Find information on Medial Malleolus Fracture diagnosis, including clinical documentation tips, ICD-10 and CPT codes, healthcare guidelines, and treatment protocols. Learn about Weber classification, anatomical location, radiographic findings, and associated injuries like posterior malleolus fracture or bimalleolar fracture. This resource supports accurate medical coding, billing, and optimal patient care for medial malleolus fractures.
Also known as
Fracture of medial malleolus
Fracture of the bony prominence on the inner ankle.
Fracture of lower leg
Fractures involving the tibia, fibula, or ankle.
Fractures of lower leg/ankle
Encompasses all fractures of the lower leg and ankle regions.
Follow this step-by-step guide to choose the correct ICD-10 code.
Is the fracture closed?
Yes
Displaced?
No
Displaced?
When to use each related code
Description |
---|
Medial Malleolus Fracture |
Lateral Malleolus Fracture |
Bimalleolar Fracture |
Missing or unclear documentation of the affected side (right, left, or bilateral) for accurate coding.

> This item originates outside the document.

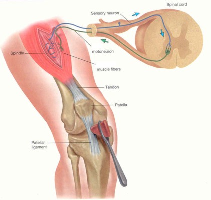 There are some areas of our bodies that when hit by a stimulus, it will contract automatically. This is called a reflex.The ligament attaching the patella to the tibia is one example. Doctors often check this reflex when performing physicals.

Insufficient documentation describing the fracture type (e.g., displaced, comminuted, open) impacts code selection and reimbursement.
Overlooked or undercoded associated injuries (ligament tears, fibular fractures) can lead to lost revenue and compliance issues.
Q: What are the most effective conservative management strategies for stable, Weber A medial malleolus fractures in adults?
A: Conservative management of stable, Weber A medial malleolus fractures in adults typically focuses on pain control, edema reduction, and protected weight-bearing. Key strategies include immobilization with a cast, brace, or splint for 4-6 weeks, regular RICE therapy (rest, ice, compression, elevation), and early range of motion exercises as tolerated. The weight-bearing status should be determined by fracture stability and patient comfort, often progressing from non-weight-bearing to partial weight-bearing then full weight-bearing as the fracture heals. Regular clinical and radiographic follow-up is essential to monitor healing progress. Consider implementing standardized protocols for pain management and rehabilitation to optimize patient outcomes. Explore how weight-bearing protocols can impact return to function.
Q: How do I differentiate between a medial malleolus fracture and a deltoid ligament injury, and what imaging modalities are best for accurate diagnosis?
A: Differentiating between a medial malleolus fracture and a deltoid ligament injury can be challenging, as both present with medial ankle pain and tenderness. Medial malleolus fractures often present with palpable bony tenderness or deformity, whereas deltoid ligament injuries may manifest with diffuse tenderness along the medial ankle. Weight-bearing radiographs are essential for initial evaluation, and while they effectively visualize fractures, they may not always reveal deltoid ligament injuries. Stress radiographs or MRI are often needed to accurately assess deltoid ligament integrity, especially in suspected high-grade injuries. Explore how dynamic ultrasound can be used in conjunction with other imaging modalities for a comprehensive assessment. Learn more about the Ottawa Ankle Rules and their application in these cases to guide imaging decisions.
Patient presents with complaints of medial ankle pain, swelling, and ecchymosis following a twisting injury mechanism. Onset of symptoms occurred [timeframe] ago during [activity causing injury]. Patient reports [weight-bearing status; e.g., able to bear weight, unable to bear weight, partial weight-bearing]. Physical examination reveals tenderness to palpation over the medial malleolus, with palpable bony irregularity in some cases. Ankle range of motion is limited due to pain. Neurovascular examination of the affected extremity is intact, with palpable dorsalis pedis and posterior tibial pulses. Radiographic imaging of the ankle, specifically AP, lateral, and mortise views, confirms the diagnosis of a medial malleolus fracture. The fracture is classified as [Weber classification; e.g., Weber A, Weber B, Weber C] and described as [fracture description; e.g., displaced, nondisplaced, comminuted, spiral]. Assessment includes medial malleolus fracture, ankle sprain, and pain management. Differential diagnosis considered ankle ligament injury. Treatment plan includes [conservative or surgical management; e.g., immobilization with a short leg cast, open reduction internal fixation (ORIF), closed reduction]. Patient educated on pain management, RICE protocol (rest, ice, compression, elevation), and follow-up care. Referral to orthopedics for definitive management may be necessary. ICD-10 code S82.6 assigned for closed medial malleolus fracture. CPT codes for potential procedures may include [relevant CPT codes depending on treatment; e.g., 27766, 27810]. Return to clinic scheduled in [timeframe] for follow-up evaluation and assessment of fracture healing.